The values channel carries full graph state snapshots. When a subscription is created, the first replayed values event is the current full state, giving the client a stable baseline before applying deltas from other channels.

updates

The updates channel carries per-node or per-step state deltas:

{
  "method": "updates",
  "params": {
    "namespace": [],
    "timestamp": 1710000000000,
    "data": {
      "node": "agent",
      "values": {
        "messages": []
      }
    }
  }
}

Clients that need complete state should subscribe to values for an initial snapshot and use updates for incremental changes.

checkpoints

The checkpoints channel emits lightweight checkpoint envelopes. Each envelope includes:

This lets clients build branching and time-travel interfaces without streaming full checkpoint state. Full state can be fetched lazily with state.get or in bulk with state.listCheckpoints.

A checkpoint event is emitted on the same superstep as the corresponding values event. Clients subscribed to both can correlate them by namespace and step, or by adjacent event sequence numbers.

tasks

The tasks channel carries Pregel task creation and result events. Its payload shape is intentionally open because it follows the runtime task representation.

custom and custom:*

The custom channel carries user-defined payloads emitted from graph code. The base custom channel uses a name and payload envelope. Namespaced custom channels such as custom:progress allow applications to define more specific event lanes while keeping the protocol extensible.

State and Checkpoints

The state module provides command-level access to graph state:

State access complements streaming.
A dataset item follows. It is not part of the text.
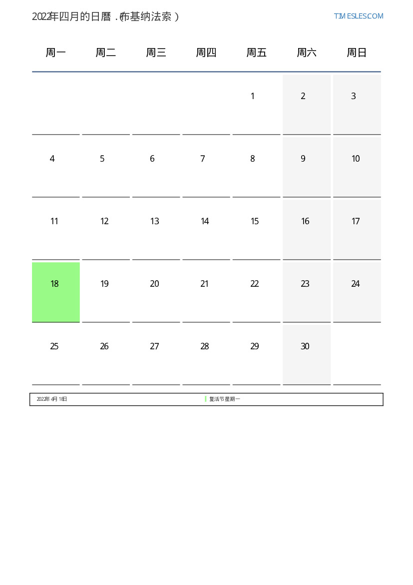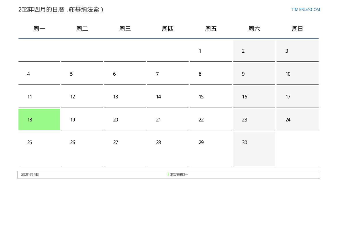 下載並打印2022年四月布基纳法索節假日和周末的PDF日曆

Streams provide live observation; state commands provide explicit reads and time-travel operations.

Replay and Reconnection

Servers may keep a ring buffer of recent events per thread. Clients use sequence numbers to recover missed events:

The server replays matching buffered events after the requested point and then switches to live delivery. If the requested event is no longer buffered, servers should report that the client missed events so the client can resync through state commands.

Extensibility

Most records include an Extensible tail, allowing additional text-keyed fields for forward compatibility. Consumers should ignore unknown fields and default unknown tagged variants to a safe fallback instead of failing closed.

Content blocks are especially extensible. New block types can be added to LangChain content block definitions and flow through the same message lifecycle. During streaming, encoded data chunks can use data-delta, while block-specific incremental fields can use block-delta without changing the transport or channel model.

Generated Bindings

The js and py directories contain generated type bindings for the CDDL schema. They are intended for typing protocol payloads, not as runtime clients. The packages do not include transport implementations, connection management, or helper APIs.

When the CDDL schema changes, regenerate the language bindings from streaming/protocol.cddl and keep the generated files in sync.